Biomass Forecasting and Supply Chain Optimization for the Shell.ai Hackathon 2023
To get started, make sure you have Python 3.10 installed and follow these steps:
-
Install dependencies:
pip install -r requirements.txt
-
Set the notebook kernel to the right environment.
You can find the code for generating the biomass forecast in the generate_forecast.ipynb notebook.
To ensure data accuracy, the notebook addresses and fills in duplicated values that occurred before the 2014 census.
The clustering process is primarily based on district names, followed by checking correlations for each index within each district. Each index is assigned to the district with the highest Pearson correlation.
A table containing crop production data for each district is created based on Desagri data. Missing values before 2014 are filled in using production conservation ratios.
Crop land data from EarthStat and elevation data from NASA Earth Observation NEO are integrated into the analysis.
The model pipeline consists of a MaxAbsScaler and an ExtraTreeRegressor. Cross-validation is performed for each year based on all other years, with the following results:
Year | Test MAE |
---|---|
2010 | 22.6 |
2011 | 19.4 |
2012 | 27.7 |
2013 | 32.9 |
2014 | 24.9 |
2015 | 20.8 |
2016 | 29.1 |
2017 | 29.6 |
Avg | 25.9 |
The model, trained on historical data, is used for inference on 2018 and 2019, and the forecast is stored for further use in the optimization step.

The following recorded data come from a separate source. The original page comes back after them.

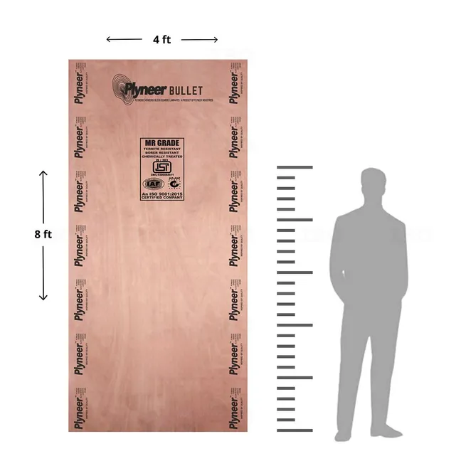 Plyneer Bullet MR Hardwood Commercial Plywood is made with selected seasoned hardwood and soft wood veneers and centre core of Vatta/ Eucalyptus and mixwood to give superb nail holding strength. It is bonded with Urea Formaldehyde Glue/ Resin under computer controlled temperature and pressure. bonded face to face with the grain running in alternate directions or cross bonding which gives our material its core strength.
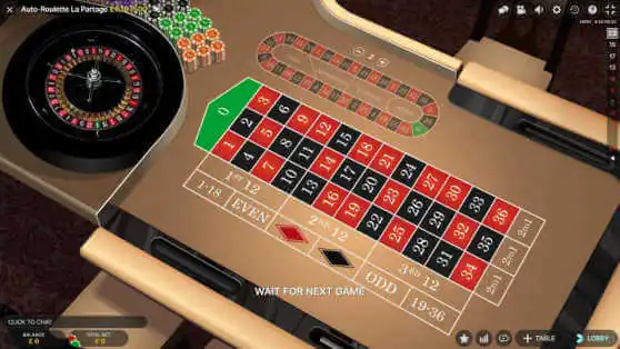 La Partage is the more common and simpler of the two rules that French Roulette can have. Note that a French roulette table can have either la partage or en prison rules, never both simultaneously.
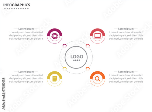 Circle infographic template with 4 options for presentations. Vector infographic design template. diagram, number options. Data visualization. Business concept with 4 steps, four process.

The code for generating optimized locations can be found in the generate_optimized_locations.ipynb notebook.
The number of refineries is defined to collect 80% of biomass production (a problem constraint). Initial refinery positions are set at the center of the main biomass clusters.
The process includes the following steps, repeated until a maximum iteration is reached:
-
Start with around 60 depots spread in regions with high biomass (>200) in a random manner.
-
Calculate the flux to refineries using linear optimization.
-
Remove the depot that is the most underutilized.
-
Stop if constraints cannot be satisfied when calculating flux from depots to refineries.
The final depot positions giving the best cost over all runs are extracted.
For each depot + refinery index:
-
Calculate costs in multiple directions for an initial distance.
-
Keep the new position if the cost is lower.
If the cost is not improved after a full loop, the distance is increased.
Year | Forecast MAE | Optimization Cost | Score |
---|---|---|---|
2018 | 24.39 | 44,150 | 83.49 |
2019 | 30.69 | 26,786 | 83.84 |
Note that the optimization cost on 2018 is high as the same infrastructure had to be used for both years, the final submission is optimized on 2019.